- _REQUIREMENT_
Retype, exactly as they appear below, the lines between the line holding "- Beim Weg vom" and the line holding "Attache tetine personnalisé", both ends included.

### TASK DATA

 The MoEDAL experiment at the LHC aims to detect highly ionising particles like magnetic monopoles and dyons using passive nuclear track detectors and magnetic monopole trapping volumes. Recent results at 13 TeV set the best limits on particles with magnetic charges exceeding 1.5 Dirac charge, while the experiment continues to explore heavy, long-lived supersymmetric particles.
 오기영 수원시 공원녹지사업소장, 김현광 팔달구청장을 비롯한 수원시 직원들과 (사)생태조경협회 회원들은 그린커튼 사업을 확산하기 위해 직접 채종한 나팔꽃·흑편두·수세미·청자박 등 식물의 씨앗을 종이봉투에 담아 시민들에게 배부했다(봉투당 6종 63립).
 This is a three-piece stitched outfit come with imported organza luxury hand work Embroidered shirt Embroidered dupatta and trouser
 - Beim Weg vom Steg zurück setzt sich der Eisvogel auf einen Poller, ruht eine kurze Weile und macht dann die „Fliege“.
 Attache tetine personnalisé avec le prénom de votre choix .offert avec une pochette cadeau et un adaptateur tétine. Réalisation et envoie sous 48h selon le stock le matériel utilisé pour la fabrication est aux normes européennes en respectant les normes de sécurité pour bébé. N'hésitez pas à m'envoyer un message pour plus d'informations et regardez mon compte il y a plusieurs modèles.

######
### TASK DATA

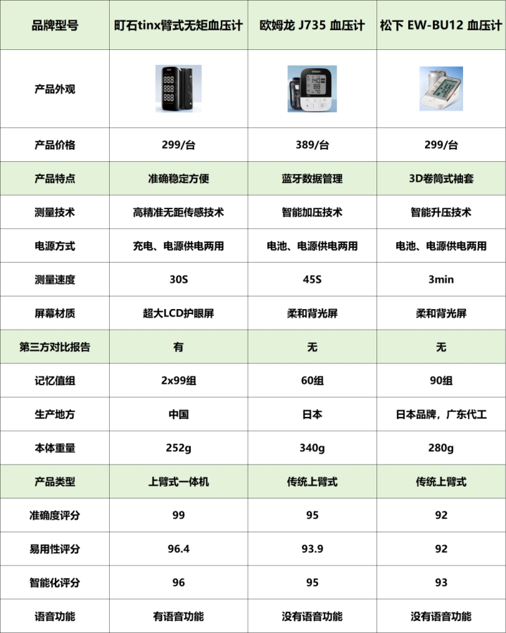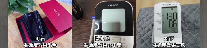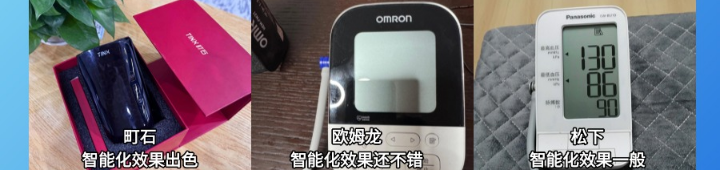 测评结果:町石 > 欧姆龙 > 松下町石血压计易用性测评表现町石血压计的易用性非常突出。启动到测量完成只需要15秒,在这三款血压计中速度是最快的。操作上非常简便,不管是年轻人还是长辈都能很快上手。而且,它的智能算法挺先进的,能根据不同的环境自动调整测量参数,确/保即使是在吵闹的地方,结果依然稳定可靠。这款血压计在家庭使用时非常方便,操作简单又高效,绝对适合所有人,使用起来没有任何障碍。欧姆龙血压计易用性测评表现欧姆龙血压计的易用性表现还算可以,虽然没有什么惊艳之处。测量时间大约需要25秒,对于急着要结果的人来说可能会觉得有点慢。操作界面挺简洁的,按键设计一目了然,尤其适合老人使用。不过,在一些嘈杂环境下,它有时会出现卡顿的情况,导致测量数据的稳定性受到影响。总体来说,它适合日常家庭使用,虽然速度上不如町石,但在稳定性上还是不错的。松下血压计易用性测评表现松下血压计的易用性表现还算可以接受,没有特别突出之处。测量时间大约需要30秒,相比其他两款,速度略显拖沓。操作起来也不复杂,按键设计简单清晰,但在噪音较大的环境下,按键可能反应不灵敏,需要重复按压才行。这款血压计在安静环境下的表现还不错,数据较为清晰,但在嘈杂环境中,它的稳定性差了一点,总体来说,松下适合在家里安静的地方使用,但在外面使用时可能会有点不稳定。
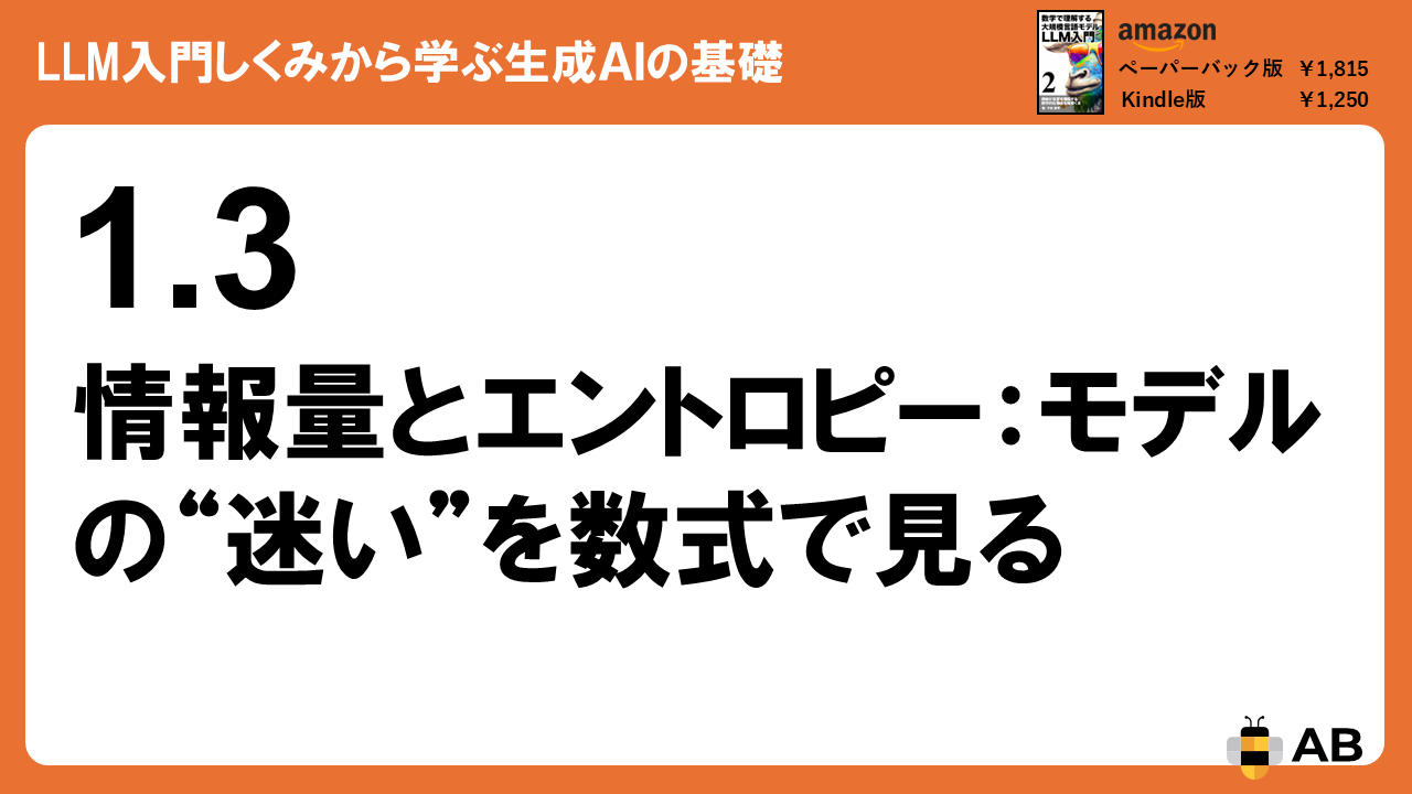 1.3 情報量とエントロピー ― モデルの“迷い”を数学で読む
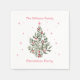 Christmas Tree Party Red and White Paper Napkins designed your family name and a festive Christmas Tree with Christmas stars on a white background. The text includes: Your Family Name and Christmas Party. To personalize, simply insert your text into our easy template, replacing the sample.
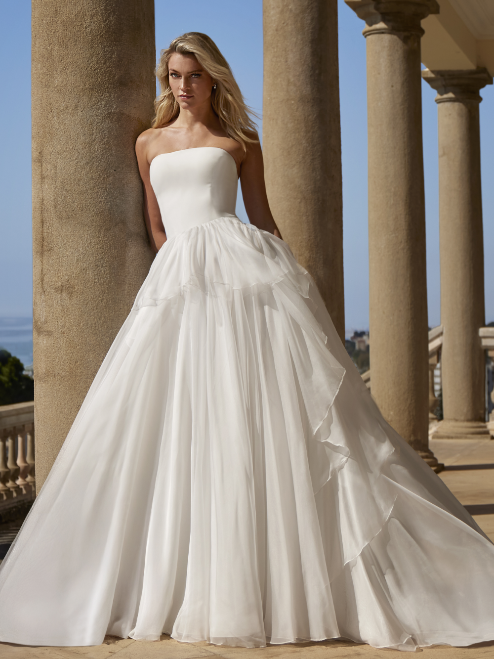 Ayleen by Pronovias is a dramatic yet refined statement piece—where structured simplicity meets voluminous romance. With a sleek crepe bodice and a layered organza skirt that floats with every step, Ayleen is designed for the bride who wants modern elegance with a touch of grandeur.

######
### TASK DATA

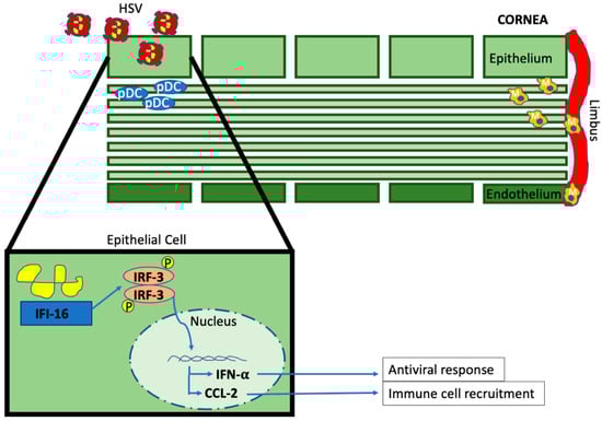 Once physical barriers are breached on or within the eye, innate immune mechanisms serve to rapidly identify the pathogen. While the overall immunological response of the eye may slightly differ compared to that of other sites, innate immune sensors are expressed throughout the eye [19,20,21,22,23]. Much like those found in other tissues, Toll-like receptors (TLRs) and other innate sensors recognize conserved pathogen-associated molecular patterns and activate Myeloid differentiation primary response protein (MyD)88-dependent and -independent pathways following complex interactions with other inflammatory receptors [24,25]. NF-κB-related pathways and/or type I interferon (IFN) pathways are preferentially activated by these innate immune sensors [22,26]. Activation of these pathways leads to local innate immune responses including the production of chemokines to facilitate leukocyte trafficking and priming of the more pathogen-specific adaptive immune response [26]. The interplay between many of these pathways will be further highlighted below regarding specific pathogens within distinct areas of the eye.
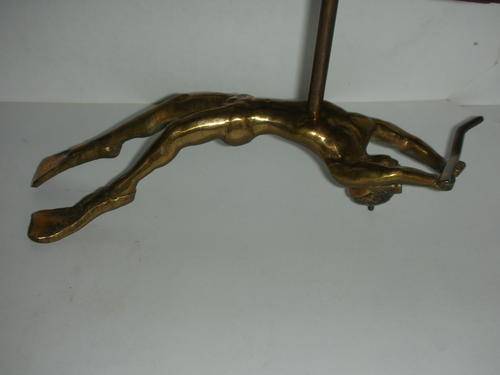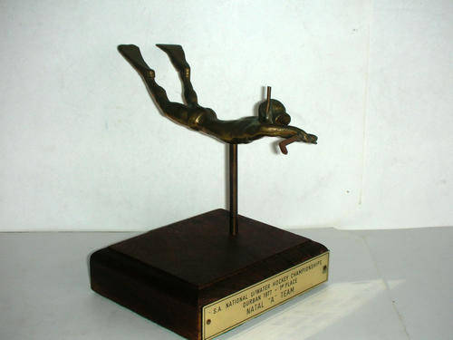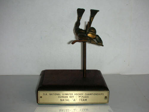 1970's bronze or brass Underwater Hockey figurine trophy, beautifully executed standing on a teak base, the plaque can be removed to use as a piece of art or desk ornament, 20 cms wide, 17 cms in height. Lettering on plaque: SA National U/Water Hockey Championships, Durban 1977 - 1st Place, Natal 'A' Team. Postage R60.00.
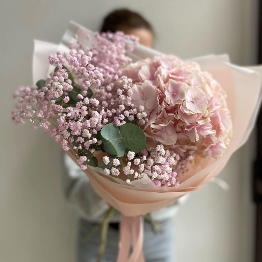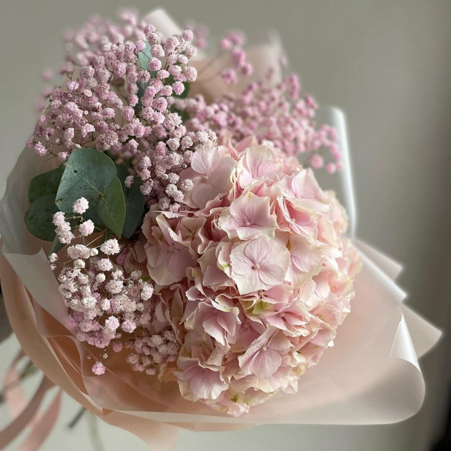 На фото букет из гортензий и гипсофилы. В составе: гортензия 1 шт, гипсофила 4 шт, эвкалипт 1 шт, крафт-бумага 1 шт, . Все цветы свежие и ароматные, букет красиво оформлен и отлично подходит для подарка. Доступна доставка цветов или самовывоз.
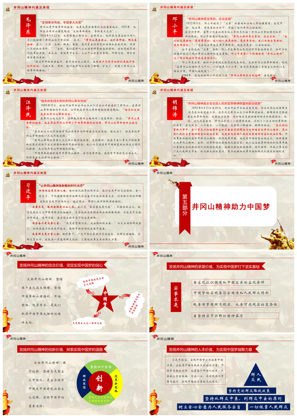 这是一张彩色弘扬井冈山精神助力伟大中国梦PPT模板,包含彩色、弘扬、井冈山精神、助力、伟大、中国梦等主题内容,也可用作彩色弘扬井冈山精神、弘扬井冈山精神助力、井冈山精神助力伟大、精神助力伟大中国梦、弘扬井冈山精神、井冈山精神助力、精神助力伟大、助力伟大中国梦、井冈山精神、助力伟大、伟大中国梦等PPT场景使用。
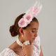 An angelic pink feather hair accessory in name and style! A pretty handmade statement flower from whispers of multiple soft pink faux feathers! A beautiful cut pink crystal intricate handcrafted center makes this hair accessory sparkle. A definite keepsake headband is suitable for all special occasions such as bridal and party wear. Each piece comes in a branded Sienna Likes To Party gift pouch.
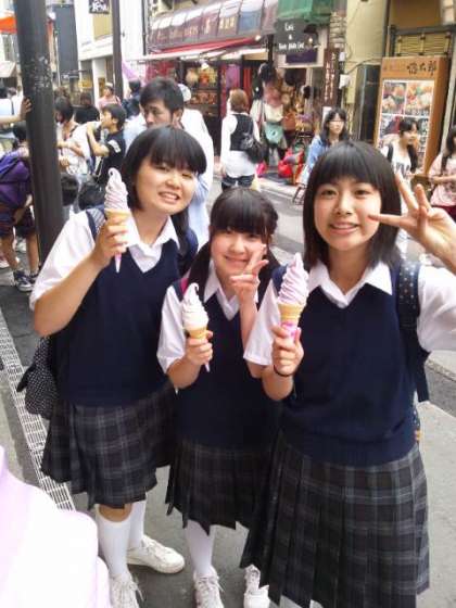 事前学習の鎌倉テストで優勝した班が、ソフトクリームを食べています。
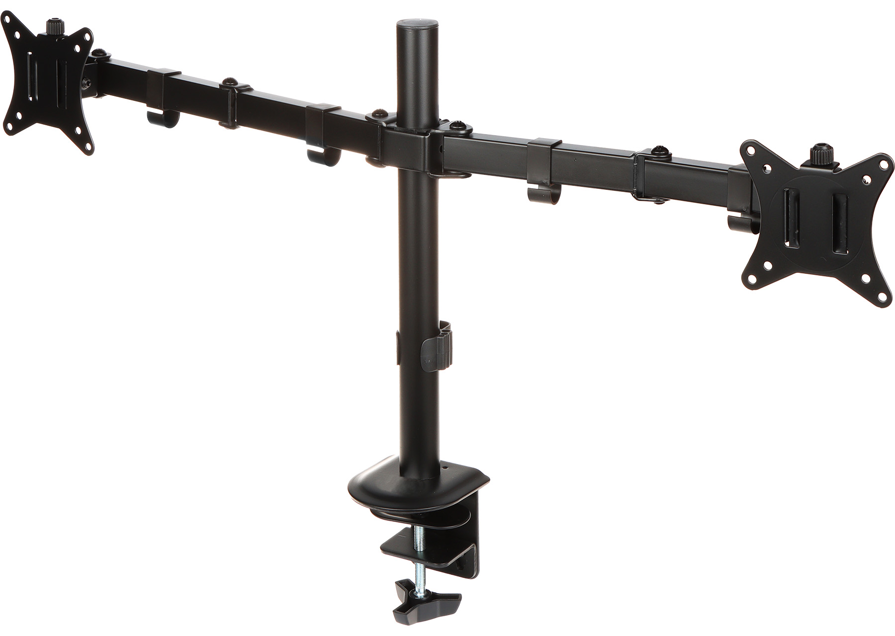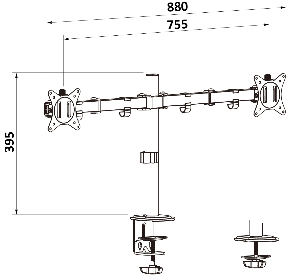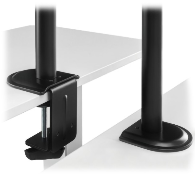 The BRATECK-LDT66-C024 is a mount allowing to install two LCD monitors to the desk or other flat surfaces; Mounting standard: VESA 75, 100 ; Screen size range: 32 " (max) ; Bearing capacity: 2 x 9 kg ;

######

- _COMPLETED EXERCISE_
 - Beim Weg vom Steg zurück setzt sich der Eisvogel auf einen Poller, ruht eine kurze Weile und macht dann die „Fliege“.
 Attache tetine personnalisé avec le prénom de votre choix .offert avec une pochette cadeau et un adaptateur tétine. Réalisation et envoie sous 48h selon le stock le matériel utilisé pour la fabrication est aux normes européennes en respectant les normes de sécurité pour bébé. N'hésitez pas à m'envoyer un message pour plus d'informations et regardez mon compte il y a plusieurs modèles.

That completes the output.